FIGURE 5.

Variants located in the unstructured C-terminal region unique to prelamin A. (A) Aligned amino acid sequences of the C-terminal region of prelamin A (human residues 568–664) in Homo sapiens (‘Hs’; UniProt P02545), Camelus ferus (‘Cf’; camel; Refseq XP_014422471.1), Dasypus novemcinctus (‘Dn’; nine-banded armadillo; Refseq XP_004462616.1), and Danio rerio (‘Dr’; zebrafish; GenBank AAI63807.1). These animals were selected to highlight differences among LMNA residues in a diverse array of species; residues conserved among these species, aligned manually and using Clustal Omega (http://www.ebi.ac.uk/Tools/msa/clustalo/) are likely to be functionally important. Highly conserved regions are boxed. Acidic residues are shaded red; basic residues are shaded blue. ExAC variants are indicated; parentheses show the number of affected individuals. Asterisks indicate variants also reported in the laminopathy database. (B) ExAC variants and number of affected individuals (black squares) in prelamin A residues 568–664, in the context of regions and residues important for ZMPSTE24-dependent cleavage.

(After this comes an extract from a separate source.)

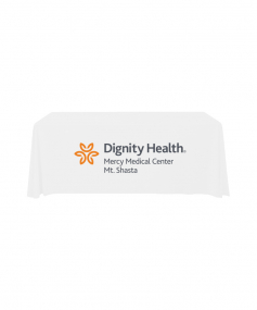 6' Standard PolyPoplin Throw style table cover with one color logo. Designed for quick and easy use while looking great. All corners are rounded meaning they will not gather and lay on the floor. Floor length on all 4 sides. Made from woven polyester. 72" L x 30" D x 29" H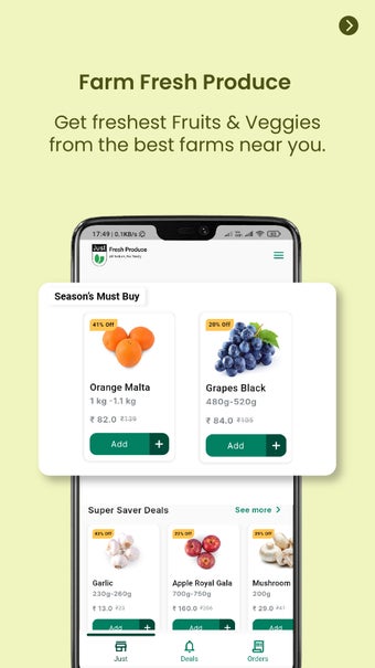 JUST Fresh-Buy Fruit Vegetable är en gratis app för Android som erbjuder en smidig plattform för att köpa färska frukter och grönsaker direkt från lokala gårdar. Med över 100 olika sorter tillgängliga, kan användare enkelt beställa allt från exotiska frukter till köksfavoriter. Appen garanterar hög kvalitet genom rigorösa kvalitetskontroller och en trestegs rengöringsprocess för att säkerställa att produkterna är säkra och fräscha vid leverans.

Right-pointing arrows indicate the N-terminal residue of fragments tested for ZMPSTE24-dependent cleavage in mammalian cells; GFP-fused fragments comprising residues 624–664 were cleaved efficiently (100%), residues 630–664 were cleaved inefficiently (50% cleaved) and residues 636-664 remained uncleaved (Barrowman et al., 2012). Upward arrow: ZMPSTE24 cleavage site. Missense mutations that reduce cleavage efficiency (pink box) or abrogated cleavage (purple box; Barrowman et al., 2012) are indicated. Asterisks indicate variants also reported in the laminopathy database.